The Merger Agreement, Tyco's guarantee and the joint press release are incorporated by reference into this Item 5, and the foregoing description of such documents and the transactions contemplated thereby are qualified in their entirety by reference to such exhibits.

Item 7. Financial Statements, Pro Forma Financial Information and Exhibits.

(c) Exhibits:

Exhibit Number Title

2.1 Agreement and Plan of Merger, dated as of May 29, 2001, by and among Tyco Acquisition Corp. XXII (NV), a Nevada corporation and wholly owned subsidiary of Tyco International Ltd., a Bermuda company, S2 Mergersub Inc., a New Jersey corporation and wholly owned subsidiary of Tyco Acquisition Corp. XXII (NV), and C. R. Bard, Inc., a New Jersey corporation (including guarantee of Tyco International Ltd.).

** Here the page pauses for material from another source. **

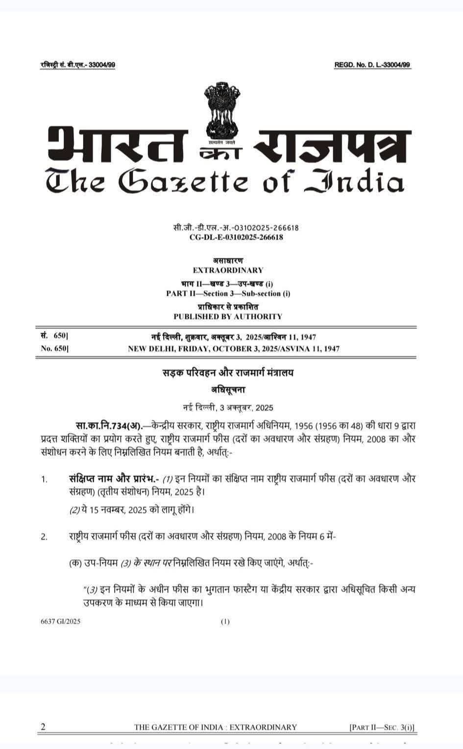 केंद्र सरकार ने कहा, “सभी वाहन चालकों से अनुरोध है कि वे इसकी एक फोटोकॉपी लेकर अपने वाहन में सुरक्षित रखें।”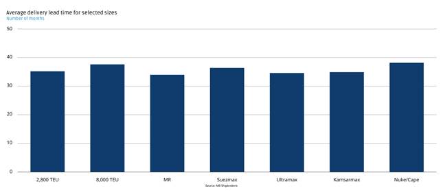 Các tàu cỡ lớn như Cape/Suezmax, container 8.000 Teu có thời gian bàn giao từ 40-45 tháng. Các tàu Ultramax, Kamsamax, MR… có thời gian giao từ 30-35 tháng. Như vậy, nếu đặt đóng tàu tại thời điểm này, dự kiến đến năm 2028 mới nhận bàn giao.

99.1 Joint Press Release, dated May 30, 2001.

 

 

Pursuant to the requirement of Section 12 of the Securities Exchange Act of 1934, the registrant has duly caused this registration statement to be signed on its behalf by the undersigned, thereunto duly authorized.

Date: June 15, 2001

C. R. BARD, INC.

By: Charles P. Slacik /s/

Name: Charles P. Slacik

Title: Senior Vice President and Chief Financial Officer

EXHIBIT INDEX

Exhibit Number Title

2.1 Agreement and Plan of Merger, dated as of May 29, 2001, by and among Tyco Acquisition Corp. XXII (NV), a Nevada corporation and wholly owned subsidiary of Tyco International Ltd., a Bermuda company, S2 Mergersub Inc., a New Jersey corporation and wholly owned subsidiary of Tyco Acquisition Corp. XXII (NV), and C.R. Bard, Inc., a New Jersey corporation (including guarantee of Tyco International Ltd.).

99.1 Joint Press Release, dated May 30, 2001.